Andrew C Ferguson’s Virtual Free Fringe: 10 reasons to see performance poetry instead of stand up

  1. Comedians have taken over Edinburgh’s Fringe. They’ve commandeered all the big venues, and use up all the advertising space with posters of their big old faces, gurning away like the glum game show hosts half of them actually are.
  2. Poets have been trying to plumb the depths of life’s mysteries with words for centuries. Ali Maloney’s Hydronomicon, for example, which I saw on Saturday night, explores flood myths, squid-based horror, and a looming watery world-end in an hour of fathoms-deep word play and performance. It’s also funny in bits, in a dark bouffon-ish way. In contrast, you could walk through most stand ups’ profoundest thoughts without getting your ankles wet.
  3. Stand up comedy shows cost a mint, leaving you less money for a decent rioja afterwards. Ali (and his stablemates in Shift/ A Best of Spoken Word) set you back a mere six quid.
  4. Poets have a greater verbal range. Here’s Ali’s pitch, for example: ‘Lovecraftian death burlesques, apocalypse rap; a bouffon mystery.’ Here’s what will likely be the opening line of most stand ups that have been on the telly: ‘Fucking Edinburgh! It’s fucking great to be here for the fucking Fringe. I fucking love it here. It’s fucking full of fucking Scots fuckers. So what about that fucking referendum then, eh?’
  5. At a stand up comedian’s show, you’ll either be sat beside someone who’s more lagered up than you are, and laughs like a baboon on helium every time the comedian says the word ‘fucking,’ or someone who’s less lagered up than you and is, frankly, a bit disappointed that the comedian, who seemed so funny on that panel show, has to say the word ‘fucking’ twice in every sentence.
  6. In case you’ve developed an allergy to poetry after forced overdosing on Philip Larkin at school, this isn’t like that. It isn’t like William McGonagall either, or that woman down the road who insists on reading a twelve page epic about the death of her golden retriever at every open mic night you’ve ever been at. Ali (and stablemates Bram Gieben, Rachel McCrum and Jenny Lindsay) are the absolute cream of Scotland’s performance poetry scene, combining wordplay and performance in a way that actually can sometimes resemble stand up. Except the words are better put together.
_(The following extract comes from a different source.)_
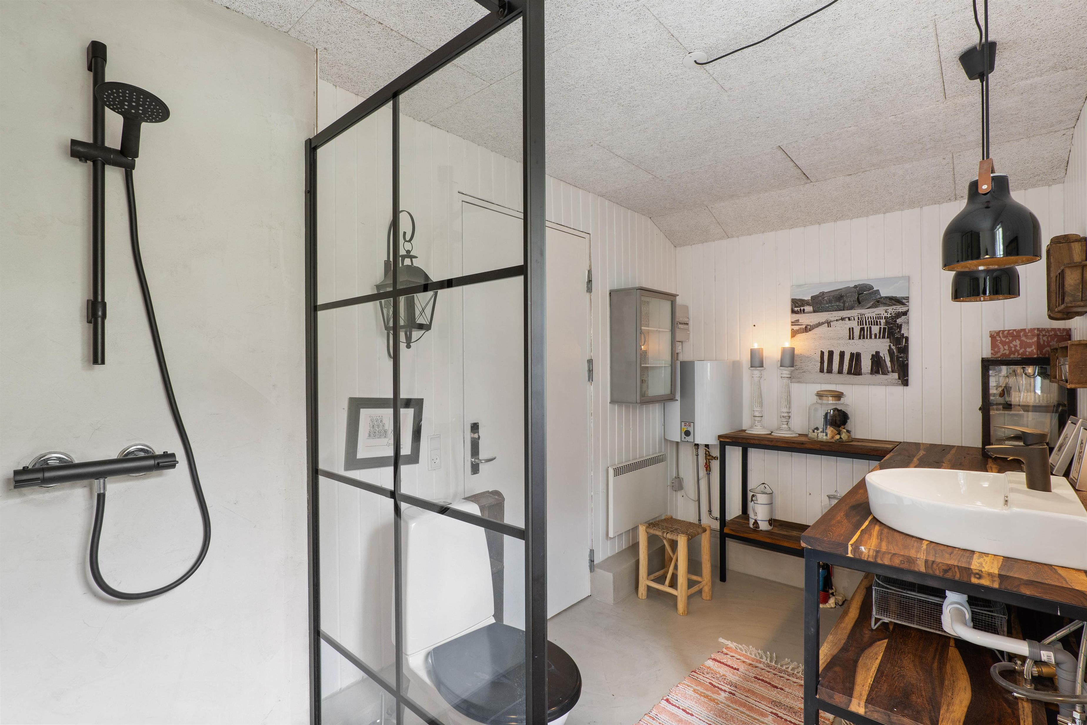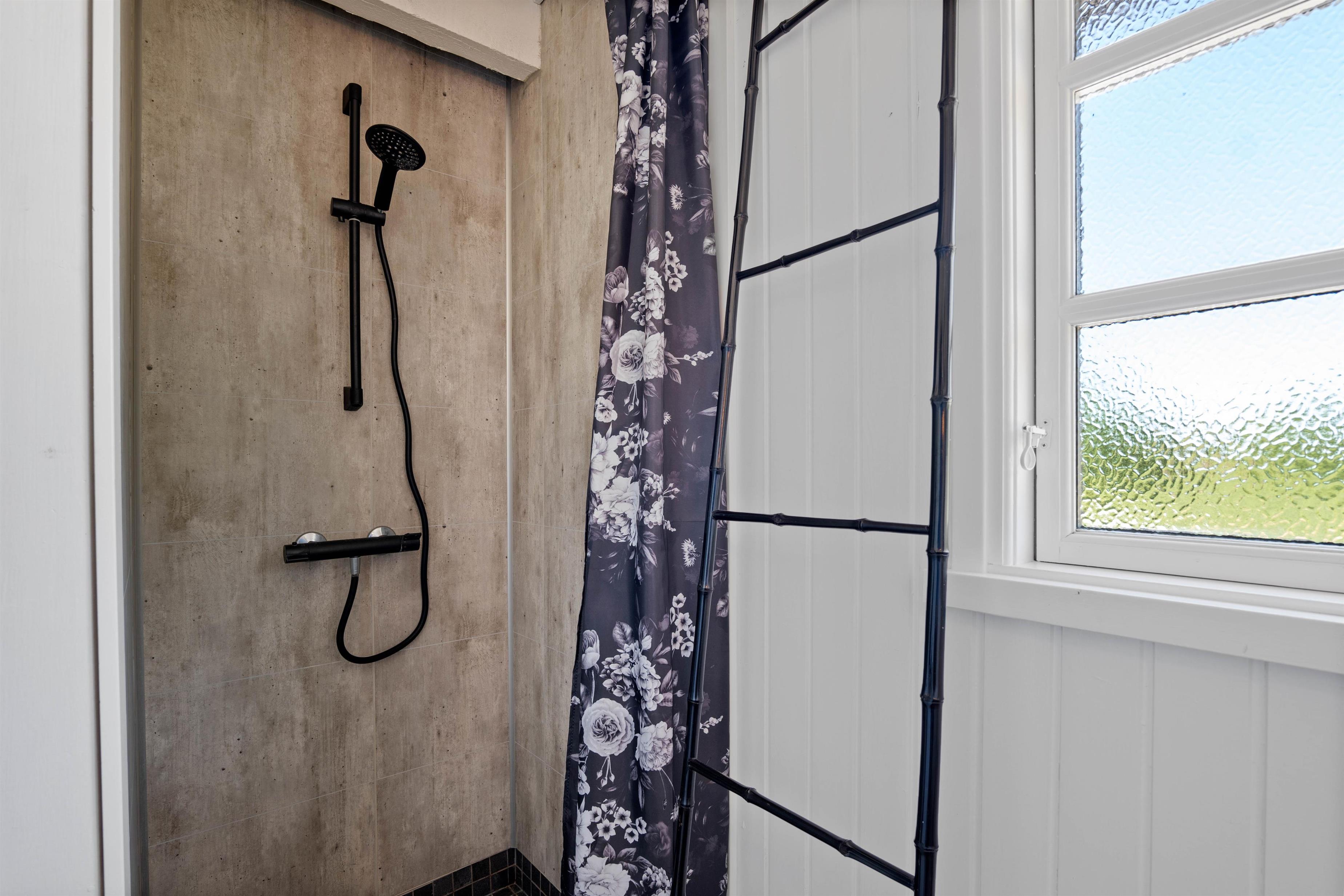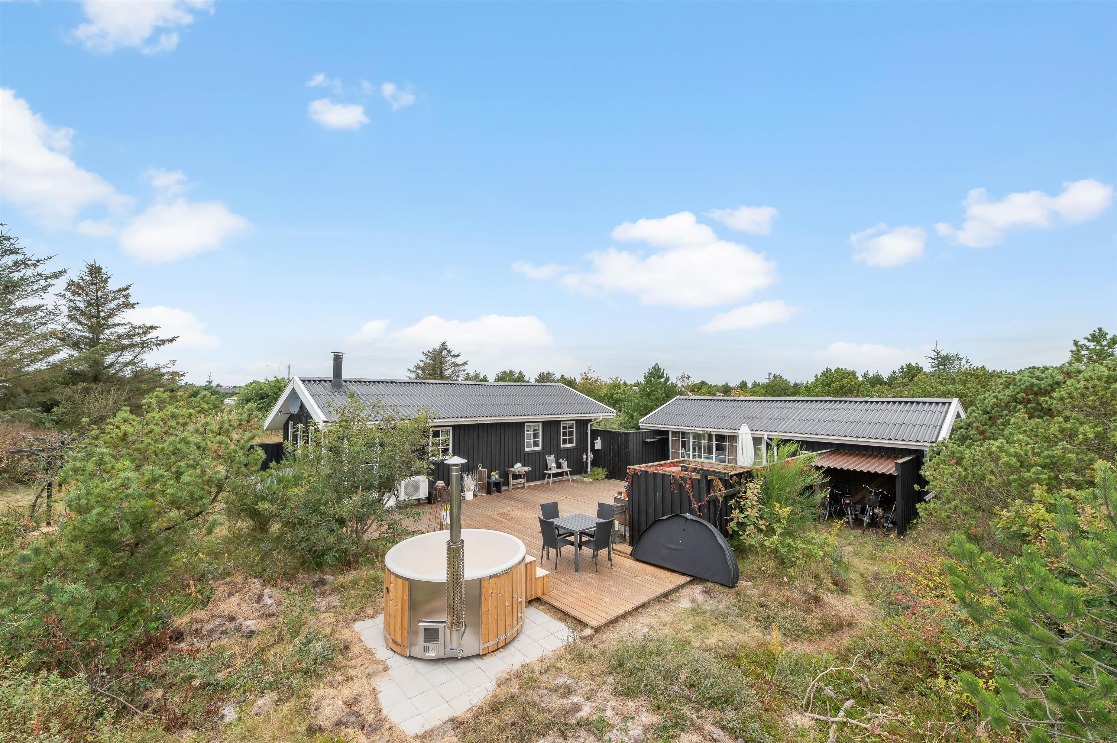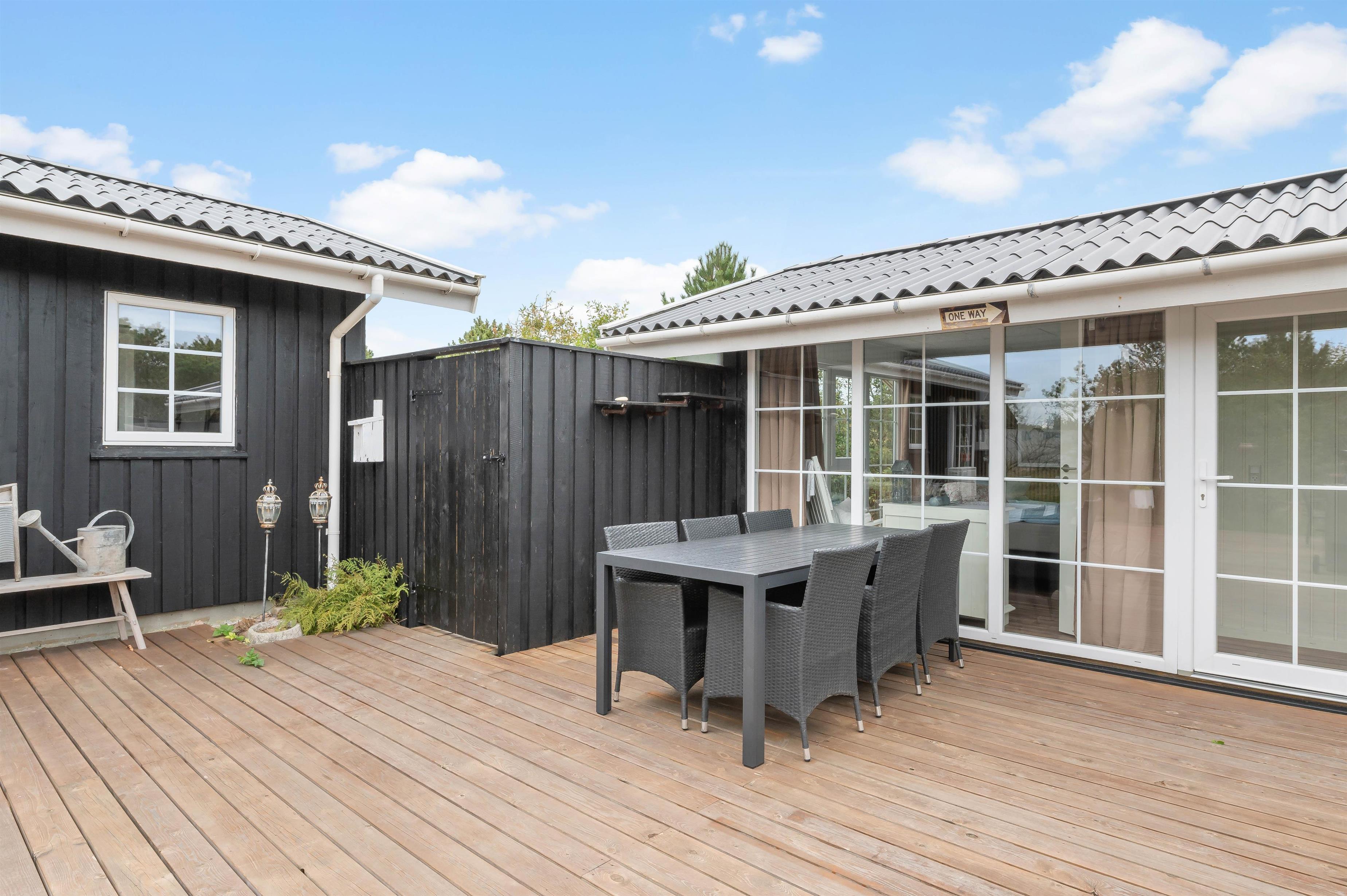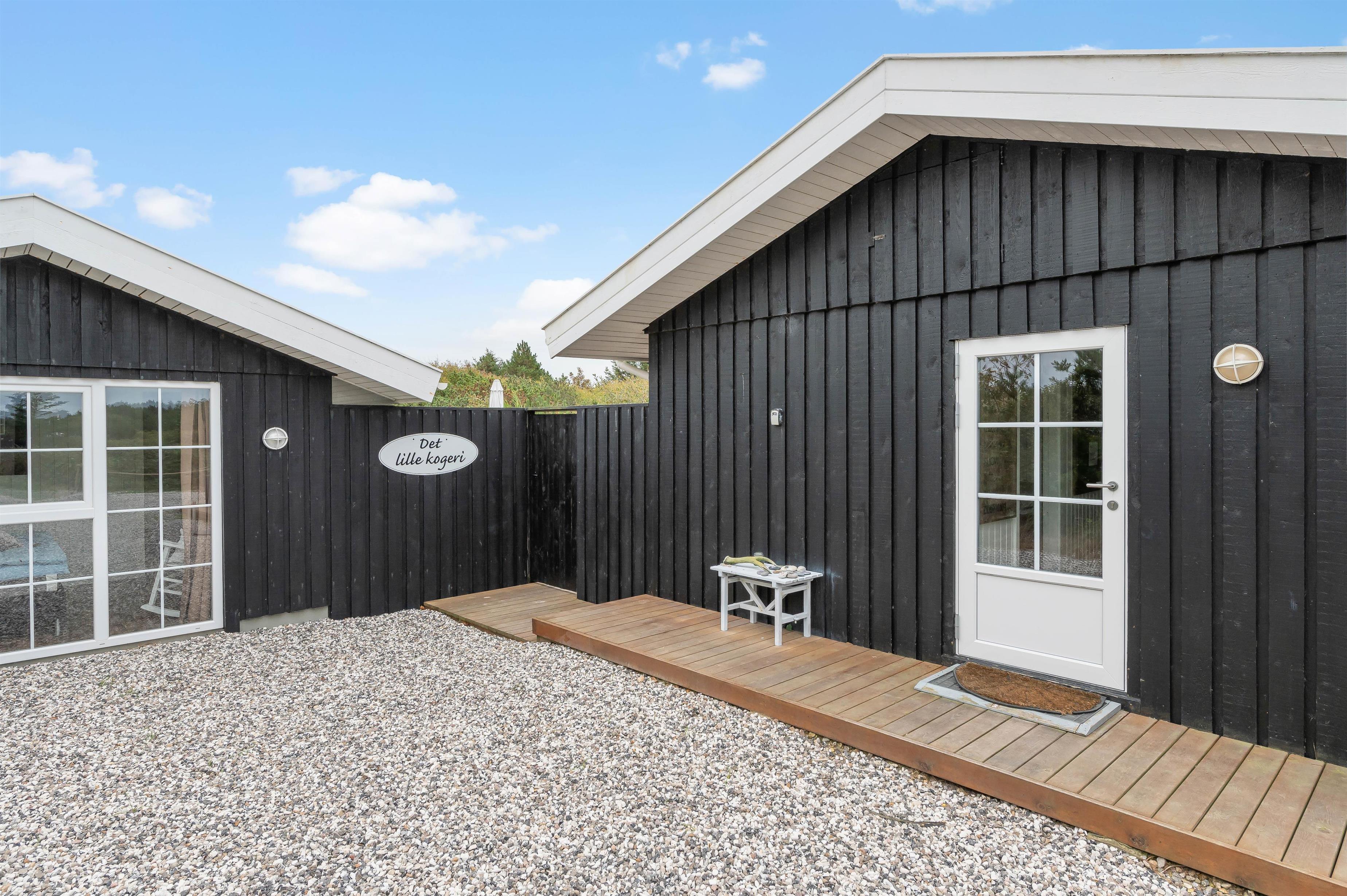 Sommerhuset har yderligere en nord- vestvendt terrasse, hvor aftenkaffen kan nydes. Det er derfor rig mulighed for at finde læ på én af de to terrasser, og I kan altid finde en dejlig hyggekrog. Hvis I er klar til en frisk dukkert, så ligger Vesterhavets brusende bølger bare 1250 meter fra huset. Tæt på findes en put and take sø for de, der ønsker at fiske. Det her er et rigtig dejligt, charmerende og yderst velholdt sommerhus, der har alt, hvad der skal til for at få god ferie.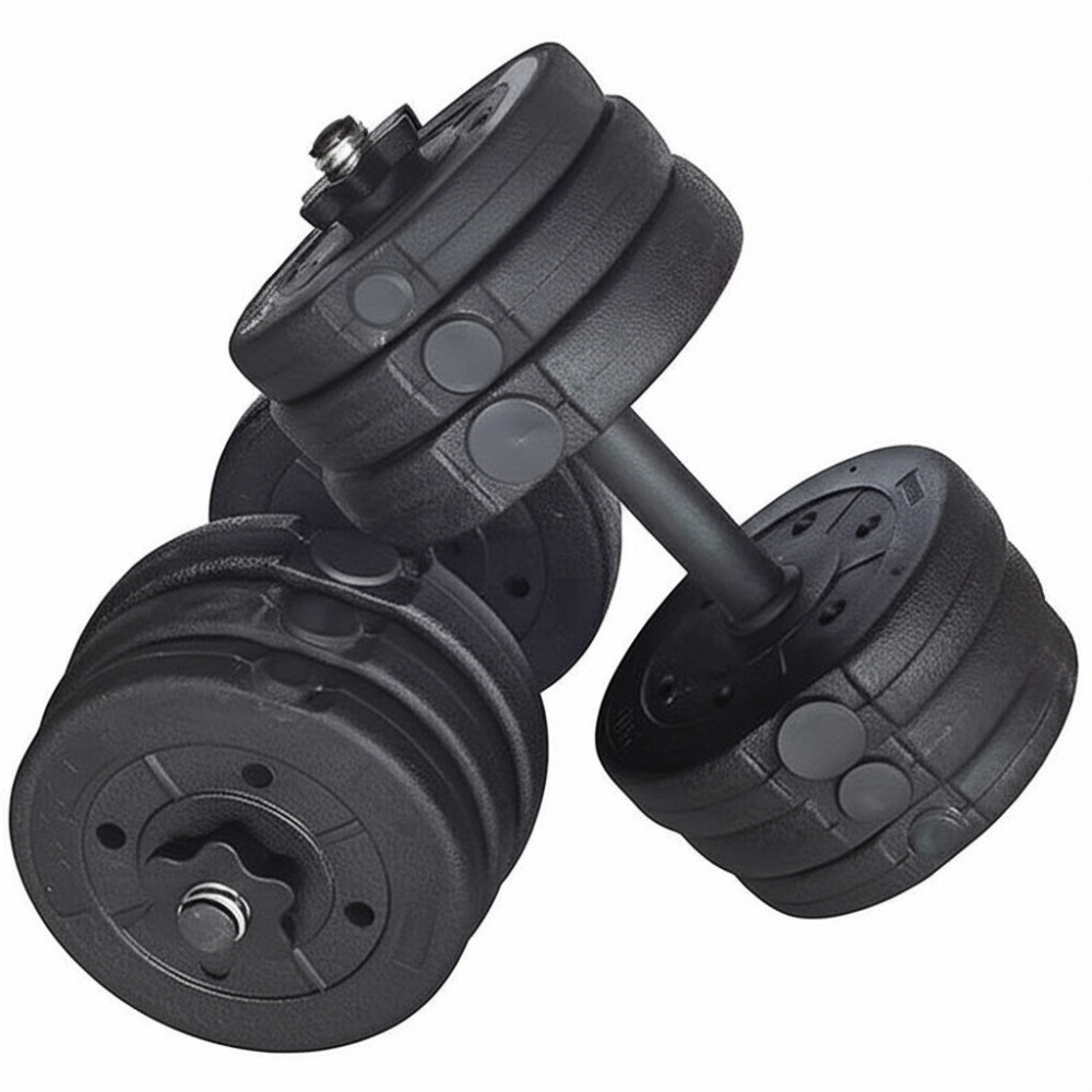Гантельный набор разборный DBP-25, состоящий из двух гантелей по 12,5 кг каждая, выполненный из высококачественного пластика и цемента, идеально подходит для тренировок как начинающих, так и опытных спортсменов.

And the performance is ten times more dramatic. And they don’t rely on tired old gags about how it’s hard to work an iPhone properly.
  7. They’re local. Even if they weren’t local originally, they are now (well, Bram lives in Glasgow, but he is over here a lot). Most comedians aren’t. Doesn’t make them bad people. Just saying.
  8. You can go for a drink with the performer afterwards (okay, so I know Ali personally, so that helps, but even if you didn’t, he’s such a personable guy you totally could anyway). I was in a bar in the Cowgate once and Paul Merton shouldered me out of the way to get served first at the bar. He’s a big fucker, I’ll give him that.
  9. The  comedians have taken over the biggest, most corporate venues to maximise income: so your night will be spent wedged at the back in a too-small bucket seat between the lagered up baboon on helium, and the unlagered one muttering about the excessive use of that word. On the other hand, Ali and the rest are performing in the atmospheric Cairns Lecture Theatre at Summerhall, which is so intimate you could practically reach out and touch the performer. Or, indeed, the performer could reach out and touch you, as Ali did to several audience members on a rampaging, preacher-stylee segment of his show (but only in a totally appropriate – in the circumstances – laying on of hands kind of way). You wouldn’t get Paul Merton touching you, not unless you were standing between him and his next pint of John Smith’s.
  10. The best of the comedy stuff will be on the telly anyway, so you can watch it from the comfort of your own couch, in easy reach of a reasonably priced rioja.